Il faut ensuite tenir compte de l’élément de résistance constitué par les leaders politiques, grands et petits, par les chefs d’Etat, de gouvernement, de parti, par les ministres, par les parlementaires. Avec la fédération européenne, tous ces gens-là auraient quelque chose à perdre, peu ou prou. Un seul ministre s’occuperait de la politique extérieure, un seul de la défense, un seul du commerce et ainsi de suite. Au lieu de nombreux partis nationaux — même sans faire entrer en ligne de compte l’inévitable simplification du système des partis — il en resterait un seul, avec un seul groupe dirigeant, pour chaque secteur idéologique.
La décadence des Etats, qui s’accumule dans les partis comme les toxines dans le sang, serait balayée. L’Europe a besoin de ce coup de balai, mais c’est là une autre affaire. Ici, il s’agit de faire remarquer que la fédération européenne, en constituant la ligne de partage entre la conservation et la révolution de l’actuel système des partis, constitue par là-même l’obstacle que, par un réflexe de défense, et sans en avoir vraiment conscience, les conservateurs de tous les partis — et non seulement la masse des corrompus, des sots et des privilégiés — cherchent à éviter, même si, bien entendu, ne pouvant pas faire autrement, ils parlent toujours d’unité européenne.

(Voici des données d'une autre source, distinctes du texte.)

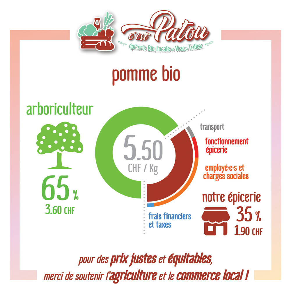 Nous achetons directement nos pommes BIO (Juliette pour cette exemple) à son producteur à Aubonne que nous payons 3.60 CHF par kg, que nous revendrons sur nos étales au prix de 5.50 CHF. Sa part est donc de 65% du prix final de vente.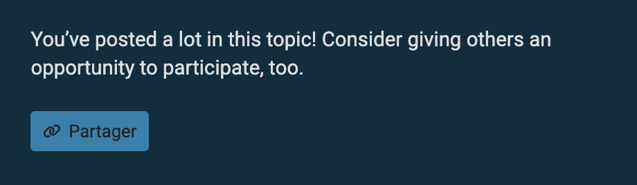Bon, faut que j’arrête de causer. 1. j’ai du taf et 2. je me fais gourmander par Discourse

Cette immense masse d’inertie, qui constitue la force de la politique normale, autrement dit de la division, est tenue ensemble par les Etats et ne peut se défaire qu’à l’occasion de la crise de leurs pouvoirs. C’est alors seulement que la population, ayant perdu tout lien avec les Etats, pourra être regroupée autour du pouvoir qui constituera l’alternative aux pouvoirs nationaux en train de se défaire, le pouvoir européen de fait né de l’intégration, en d’autres termes le pouvoir de fonder la fédération et de mener à bien le processus unitaire. Jusque-là, non seulement la population restera liée aux Etats pour les raisons que nous avons vues, mais quelque initiative politique que ce soit — n’est politique que ce qui peut aboutir à une décision du pouvoir — ne pourra se prendre hors du cadre national. L’avant garde fédéraliste devra se limiter à préparer le terrain, en cherchant à créer un embryon d’encadrement psychologique européen de la population par des actions pré-politiques de propagande.
De ce qui précède, concernant l’identification du facteur de division et de celui d’unité, il se dégage clairement le mécanisme qui déclenche le mouvement de l’unification européenne. D’un côté il y a la poussée vers l’unité, irrésistible du fait que les problèmes qui se présentent ne peuvent être éludés et n’admettent que des solutions unitaires ; de l’autre, dans la politique, où se manifeste la poussée unitaire, il y a le frein, dans la mesure où la politique tend à rester dans les limites de la normalité.
 
La loi de développement
Il reste encore à voir la loi de développement. Par définition, il y a toujours des problèmes qui demandent des solutions unitaires et, par définition, la division institutionnelle subsiste jusqu’au dernier moment. Les décisions sont toujours prises par les gouvernements nationaux, mais dans un cadre européen. Il faut pour cela identifier d’abord ce cadre européen, autrement dit le cadre du processus, chose peu facile autant dans le fond que dans la forme.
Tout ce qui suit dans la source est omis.